[Dataset]

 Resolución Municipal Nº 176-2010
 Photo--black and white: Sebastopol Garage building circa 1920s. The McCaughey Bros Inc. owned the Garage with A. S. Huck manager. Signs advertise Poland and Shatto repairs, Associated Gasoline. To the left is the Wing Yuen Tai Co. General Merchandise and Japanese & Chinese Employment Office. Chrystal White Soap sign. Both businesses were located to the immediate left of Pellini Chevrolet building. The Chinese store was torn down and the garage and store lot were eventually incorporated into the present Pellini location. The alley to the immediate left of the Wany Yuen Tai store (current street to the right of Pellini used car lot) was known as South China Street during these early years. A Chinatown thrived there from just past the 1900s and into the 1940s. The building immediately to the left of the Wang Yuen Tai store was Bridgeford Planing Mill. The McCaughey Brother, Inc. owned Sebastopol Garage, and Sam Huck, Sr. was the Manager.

[/Dataset]
[Dataset]

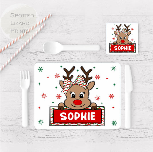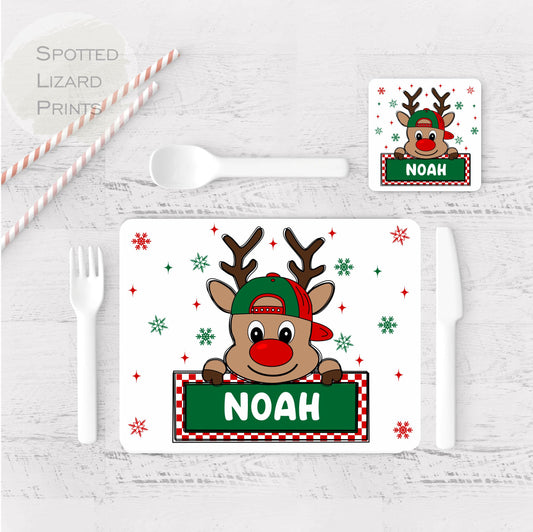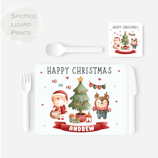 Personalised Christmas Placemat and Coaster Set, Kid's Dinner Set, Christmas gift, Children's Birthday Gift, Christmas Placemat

[/Dataset]

[Aim of the exercise] Which lines above run from the one containing "Resolución Municipal Nº 176-2010" to the one containing "Photo--black and white: Sebastopol"? Give them again exactly, both ends included.

[Output of the task]
 Resolución Municipal Nº 176-2010
 Photo--black and white: Sebastopol Garage building circa 1920s. The McCaughey Bros Inc. owned the Garage with A. S. Huck manager. Signs advertise Poland and Shatto repairs, Associated Gasoline. To the left is the Wing Yuen Tai Co. General Merchandise and Japanese & Chinese Employment Office. Chrystal White Soap sign. Both businesses were located to the immediate left of Pellini Chevrolet building. The Chinese store was torn down and the garage and store lot were eventually incorporated into the present Pellini location. The alley to the immediate left of the Wany Yuen Tai store (current street to the right of Pellini used car lot) was known as South China Street during these early years. A Chinatown thrived there from just past the 1900s and into the 1940s. The building immediately to the left of the Wang Yuen Tai store was Bridgeford Planing Mill. The McCaughey Brother, Inc. owned Sebastopol Garage, and Sam Huck, Sr. was the Manager.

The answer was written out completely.